私が通う教院の先代の説教、それは今の教父よりは穏やかではあったものの、世間からすればかなりリベラルではあったと思う。工業専門学校に通おうと思ったのは、先代の説教の影響がなかったということはありえない。先代の教父、あるいは正統の教院の教えと、教えらえる自由技芸との間に違和感を感じた。たぶん、それが工業専門学校に進もうと考えた発端だったように思う。
そう思い出すと、中学の時点で、教院の教えと教えられている自由技芸とはズレがあったように思う。ならば、おそらくは小学校の時点でもズレてはいただろう。
そう思い、さらに思い出そうとした。
「そう言えば、」
と、読書感想文に思いあたった。まだ先代の説教をうまく理解できていなかっただろう時期だ。こう書けば高評価になると考え書いた。あれは教院の、あるいは先代のいう自由技芸に沿ったものだっただろうか。おそらくは違っただろう。それなら、もっと遡らなければならない。だが、思い出せるのはそのあたりまでだった。おぼろげな記憶はある。だが、それを確認する方法はない。

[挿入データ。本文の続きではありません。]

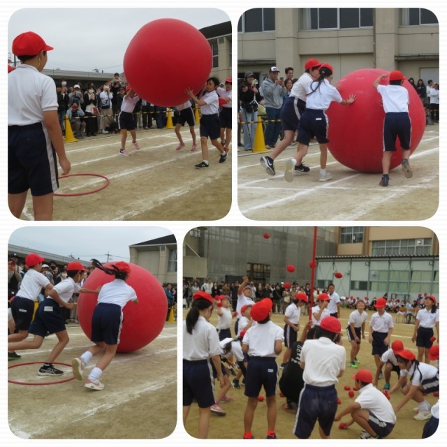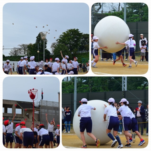 前半大玉転がしと運びを行い、後半玉入れを行う競技です。
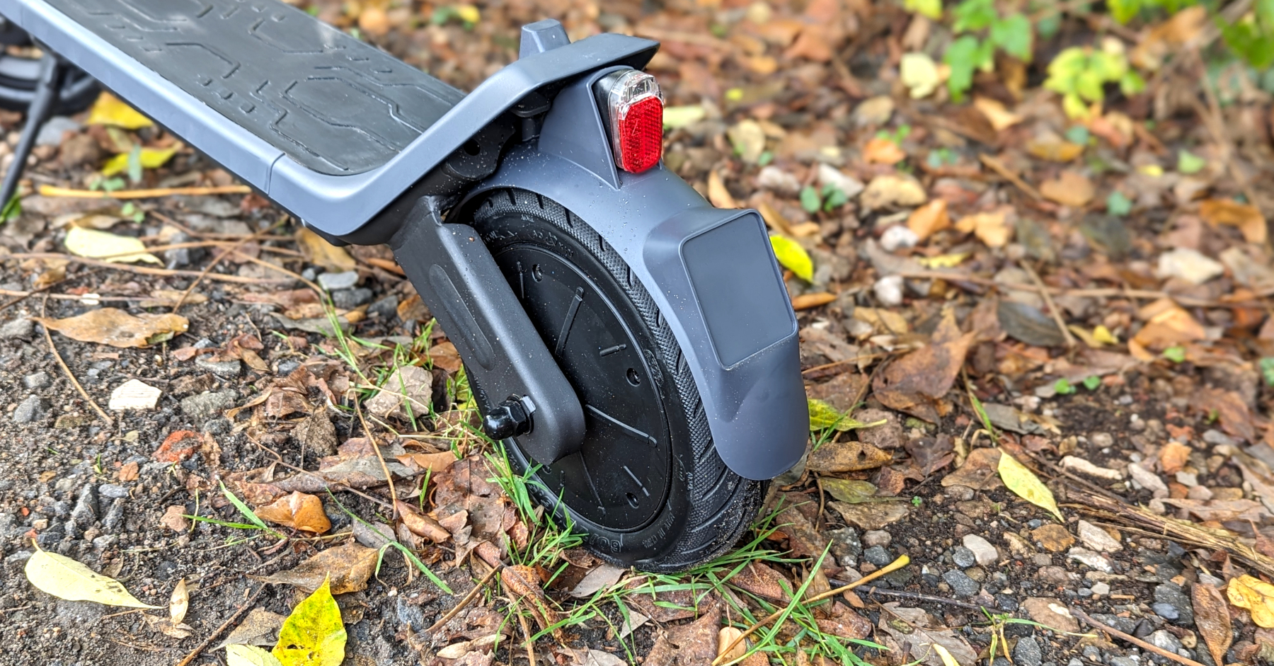 Die Bremsleistung ist im Vergleich zu anderen Modellen in der Mittelklasse in Ordnung. Die verbaute Motor- und Trommelbremse arbeiten zuverlässig und benötigen für eine Vollbremsung bei Höchstgeschwindigkeit etwa 2,10 Meter. Zwar kein Bestwert, angesichts der Leistungsfähigkeit der verbauten Bremsen in Ordnung. Positiv ist, dass der E-Scooter trotz unterschiedlich starker Bremsen gleichmäßig bremst. So können wir auch bei einer Vollbremsung stabil und sicher auf dem Scooter stehen. Dies ist im Vergleich zu anderen Scootern nicht selbstverständlich und sehr positiv.
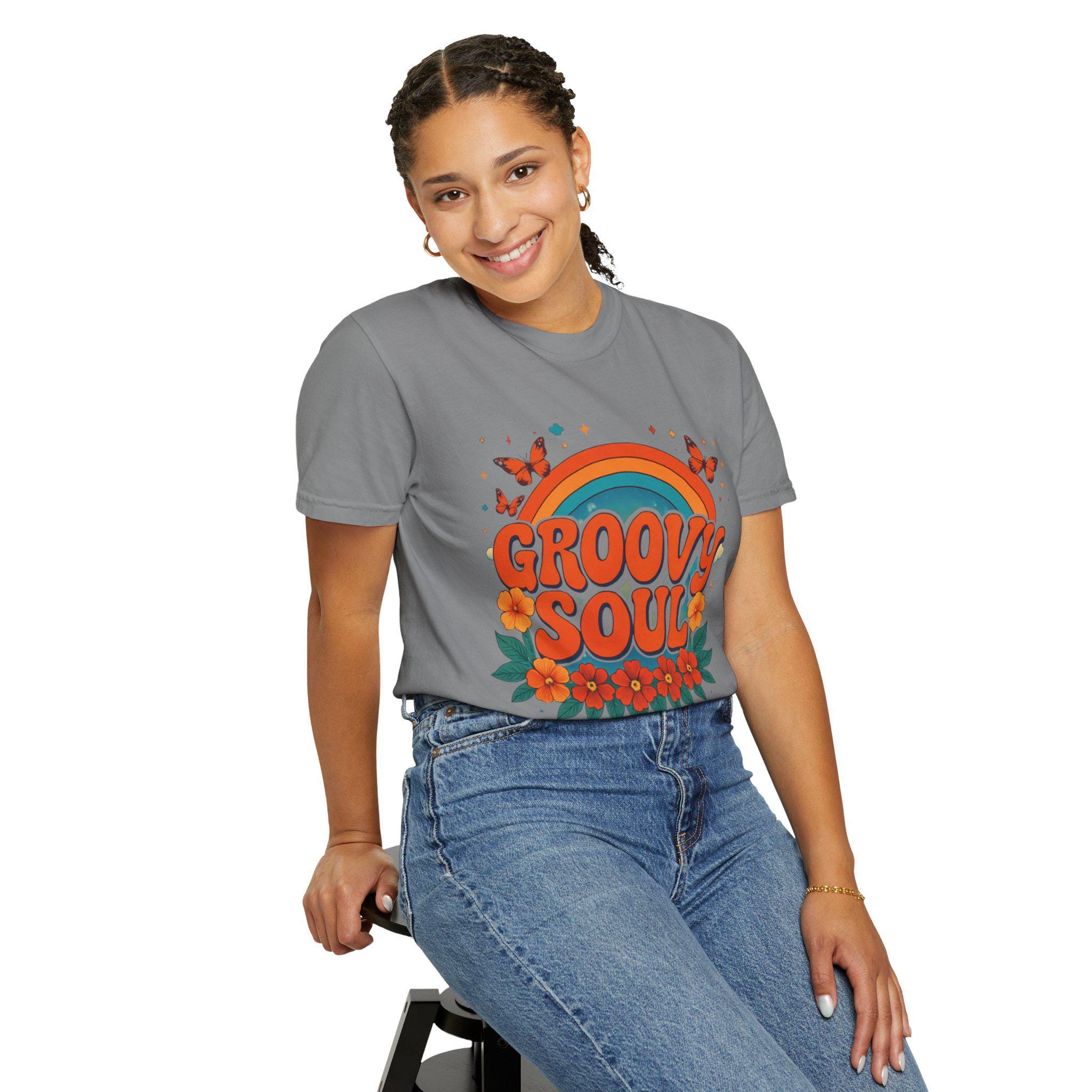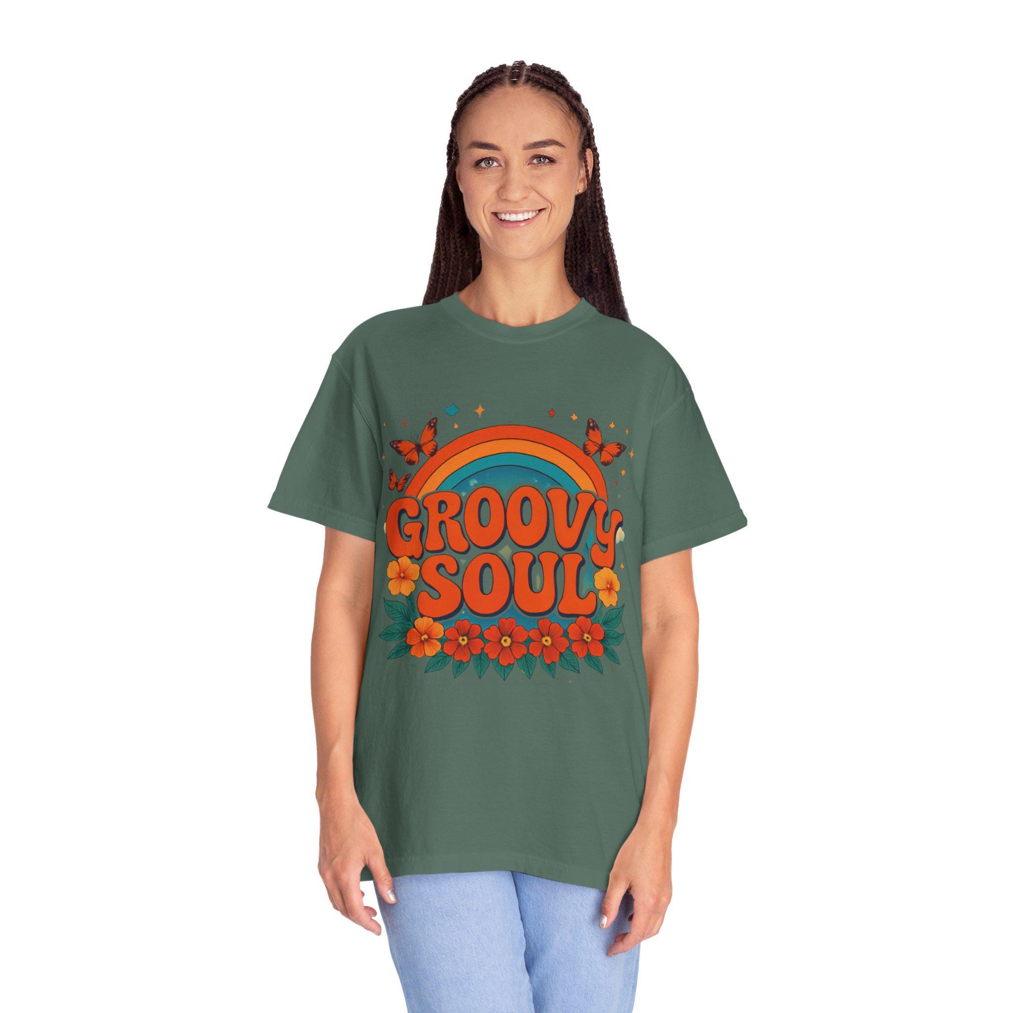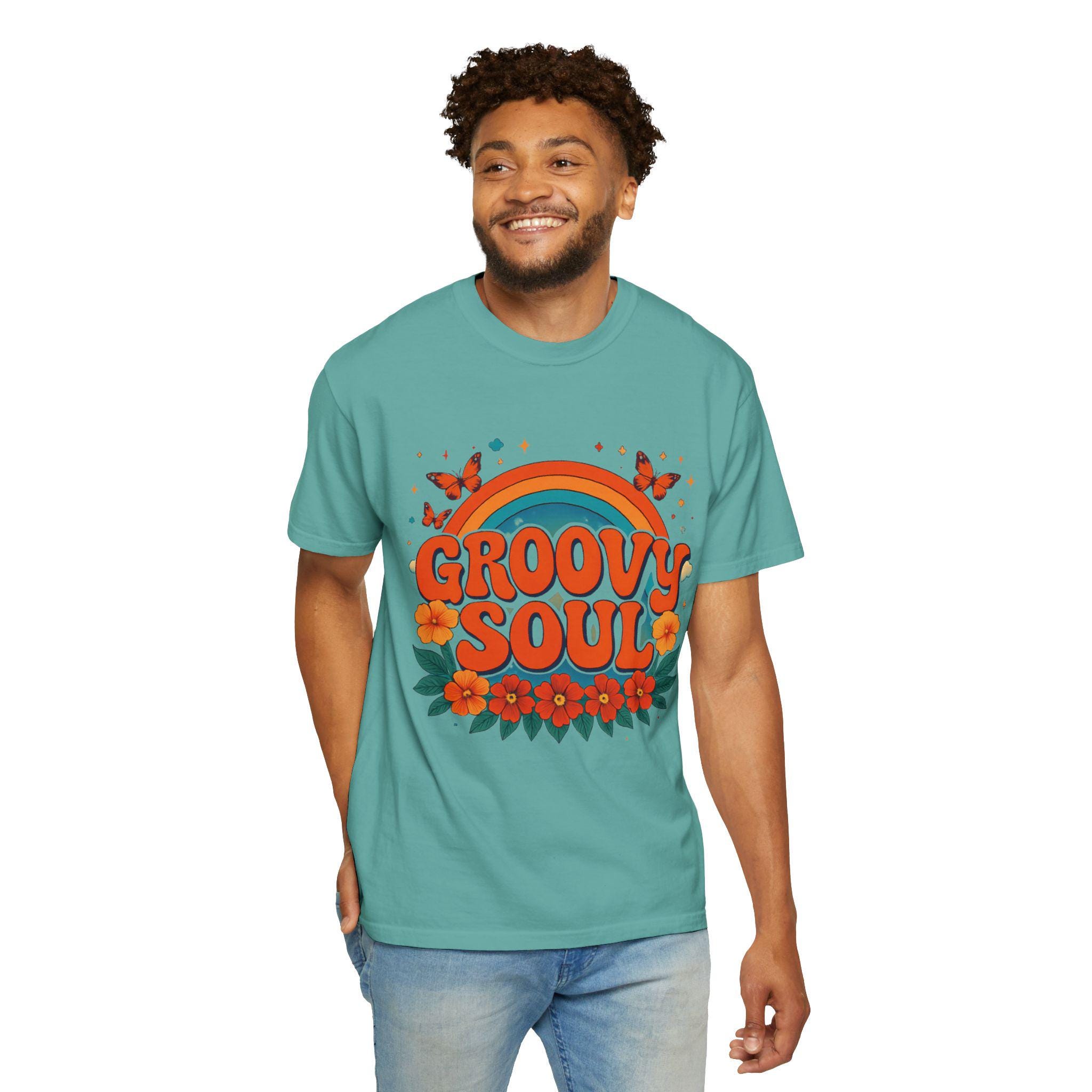 Soft, lived-in cotton meets sun-drenched retro charm. This relaxed-fit tee carries a warm, garment-dyed hand and a cheerful ’70s-inspired print — curving rainbow, bold “GROOVY SOUL” lettering, butterflies and vintage florals — that looks like it’s been part of your rotation for years. It sits loose without feeling boxy, the heavyweight fabric giving structure while the pre-shrunk ring-spun cotton keeps it comfortable through washes. Wear it to slow afternoons at a record store, weekend coffee runs, or backyard sunsets where conversation and vinyl are on the agenda.

教院の正統の教えが妥当なものとは思わない。だが、妥当ではなくとも、自由技芸として教えられているものと、すくなくともどちらがマシかと考えると、教院での正統の教えのほうがましだろうと思う。たとえ、それが未来を閉じているものだとしても。
「もしかしたら、」
と思った。それが結局は問題の起点なのではないだろうか。竹下さんがさっき言ったとおり、自由技芸大学への進学者はすくない。とてもすくないと言っていいだろう。高校への進学者も少ない。高校で三つほどの授業を取れば、教員資格が取れたはずだった。自由技芸大学の教員にも、同じ資格でなれたはずだった。成績優秀くらいの条件はあったと思うが。
「だが、」
とも思う。なにをできるというのだろう。仮に本来あるはずの信仰、そして自由技芸から違うものが世に広がっていたとしても、この社会の中で生きていくしかない。
昨日の監視の教父、あるいは教院の正統の教えにも、なんらかの正当性はあるように思う。すくなくとも、今の自由技芸に対しての警告は発っしているのだろう。

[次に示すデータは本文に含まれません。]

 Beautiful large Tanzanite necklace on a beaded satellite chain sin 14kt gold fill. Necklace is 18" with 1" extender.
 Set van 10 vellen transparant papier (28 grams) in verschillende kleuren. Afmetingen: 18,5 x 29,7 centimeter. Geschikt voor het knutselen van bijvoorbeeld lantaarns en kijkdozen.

「神の摂理に近付こうなど、あってはならない行為です」
昨日の教父の説教を思い出した。それは、人間としてより賢くあろうとすることまでは禁じていないのではないだろうか。監視の教父がどう判断したのかはわからない。教院の正統の教えがどうなのかはわからない。

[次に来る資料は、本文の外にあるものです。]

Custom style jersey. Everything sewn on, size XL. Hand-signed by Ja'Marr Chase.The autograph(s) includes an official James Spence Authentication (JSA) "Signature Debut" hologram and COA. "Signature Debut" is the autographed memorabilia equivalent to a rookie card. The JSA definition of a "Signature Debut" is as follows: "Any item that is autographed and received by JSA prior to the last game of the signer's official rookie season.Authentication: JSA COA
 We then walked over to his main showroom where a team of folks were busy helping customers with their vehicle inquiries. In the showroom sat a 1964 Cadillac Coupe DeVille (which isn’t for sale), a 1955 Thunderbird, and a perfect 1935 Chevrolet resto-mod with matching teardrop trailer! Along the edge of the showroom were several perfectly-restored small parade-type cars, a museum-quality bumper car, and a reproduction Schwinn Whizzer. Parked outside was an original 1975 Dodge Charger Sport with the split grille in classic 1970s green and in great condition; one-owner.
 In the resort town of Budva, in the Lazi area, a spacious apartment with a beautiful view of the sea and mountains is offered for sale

教父が森山さんに話した人為的進化は、おそらくやりすぎだろうとは思う。だが、天の書トリロジーと戒めをいじくりまわし、自由技芸をいじくりまわす、そういう知恵、それとも知識を人間は持っている。
そして人間としてより賢くあろうとする方向、つまり自由技芸は、そのありかたと教院の教えとの間で歪められているのかもしれない。
「今の人間の限界を超えなければ、人間であることという条件すら満たせない。それが問題なんです」
昨日の教父の言葉を思い出した。だが、それとともに無力感もわいた。先代も、あの教父も、あまりに無力だと思う。二人を――あるいはもっといるのだろうが――支えているのは何なのだろう。それは教院の正統とは異なるものの、やはり信仰なのだろうか。
そんなことを考え、私の机に着いた。